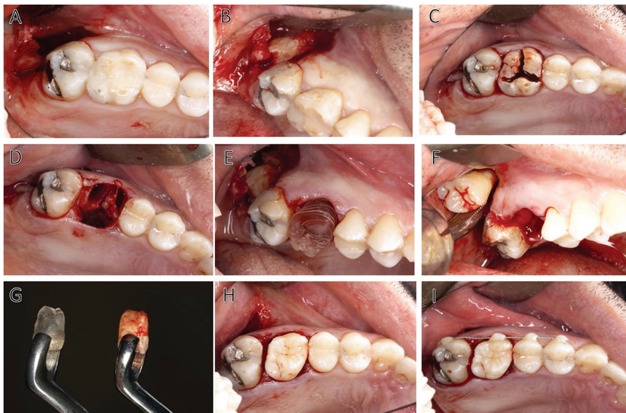
Fig. 2: A-I: Step-by-step of surgical procedure.

A syndesmotomy of the soft tissues and periodontal ligament around tooth 2.6 was performed. The exodontia was completed with odontosection, luxation and
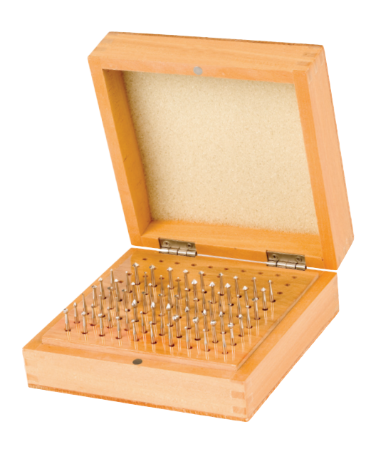
19-3860 Panther Master Bur Kit (82 pieces), $202 Also Available 19-3221 Panther Master Bur Kit (97 pieces), $207

Tired of cutting standard 1¾" length burs to fit? Cut no more. Save time and add precision with short burs.
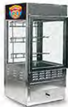
MODEL 702 STERNO DISPLAY
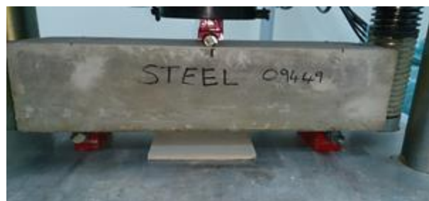
Fig 13: Flexural test on RC beam

The beam tests were using 100T UTM in the materials testing laboratory, Caledonian College of Engineering. Single point load was applied at mid span of the beams as shown in Figure 13. Simply supported conditions are maintained for all the beams with a span of 600 mm. Load was applied monotonically on the beam and corresponding deflection at mid span were noted.
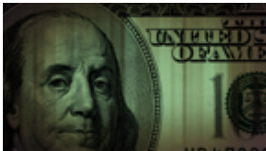
High Resolution Image 1920 x 1080
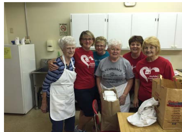
Some of the Chicken Grill Team-Thank you to everyone who helped and came for dinner!

KIDS ROCK IS RETURNING ON OCTOBER 11TH, 6:00-7:15 PM. THIS YEAR ACTIVITIES WILL INCLUDE SPECIAL MUSIC, BIBLE LESSONS, CHAPEL TIME, SKITS, PLAYS, AND LOTS OF FUN ACTIVITIES. PLEASE INVITE YOUR FRIENDS AND PLAN TO JOIN US THIS SUNDAY, OCTOBER 11TH.
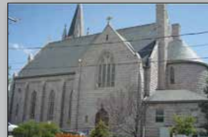
Sacred Heart Church, a historical landmark.
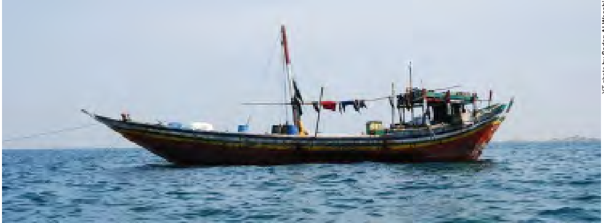
About 400 Yemeni fishing boats have been confiscated by Eritreans over the past four years.
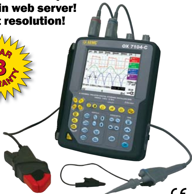
Model OX 7104-C
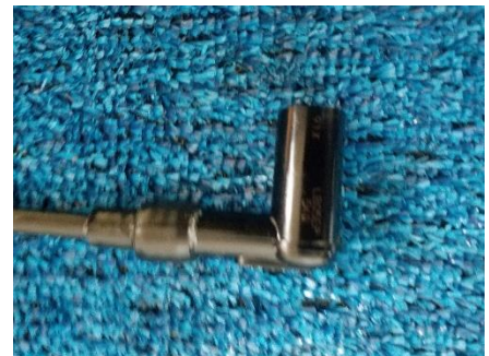
Fig (12) Base Cover in place over Plug Boot base.

##########

### WHAT NEEDS TO BE DONE
Each line above must be set down exactly, though no picture should be carried over.

### OUTPUT OF THE EXERCISE
Fig. 2: A-I: Step-by-step of surgical procedure.

A syndesmotomy of the soft tissues and periodontal ligament around tooth 2.6 was performed. The exodontia was completed with odontosection, luxation and
19-3860 Panther Master Bur Kit (82 pieces), $202 Also Available 19-3221 Panther Master Bur Kit (97 pieces), $207

Tired of cutting standard 1¾" length burs to fit? Cut no more. Save time and add precision with short burs.
MODEL 702 STERNO DISPLAY
Fig 13: Flexural test on RC beam

The beam tests were using 100T UTM in the materials testing laboratory, Caledonian College of Engineering. Single point load was applied at mid span of the beams as shown in Figure 13. Simply supported conditions are maintained for all the beams with a span of 600 mm. Load was applied monotonically on the beam and corresponding deflection at mid span were noted.
High Resolution Image 1920 x 1080
Some of the Chicken Grill Team-Thank you to everyone who helped and came for dinner!

KIDS ROCK IS RETURNING ON OCTOBER 11TH, 6:00-7:15 PM. THIS YEAR ACTIVITIES WILL INCLUDE SPECIAL MUSIC, BIBLE LESSONS, CHAPEL TIME, SKITS, PLAYS, AND LOTS OF FUN ACTIVITIES. PLEASE INVITE YOUR FRIENDS AND PLAN TO JOIN US THIS SUNDAY, OCTOBER 11TH.
Sacred Heart Church, a historical landmark.
About 400 Yemeni fishing boats have been confiscated by Eritreans over the past four years.
Model OX 7104-C
Fig (12) Base Cover in place over Plug Boot base.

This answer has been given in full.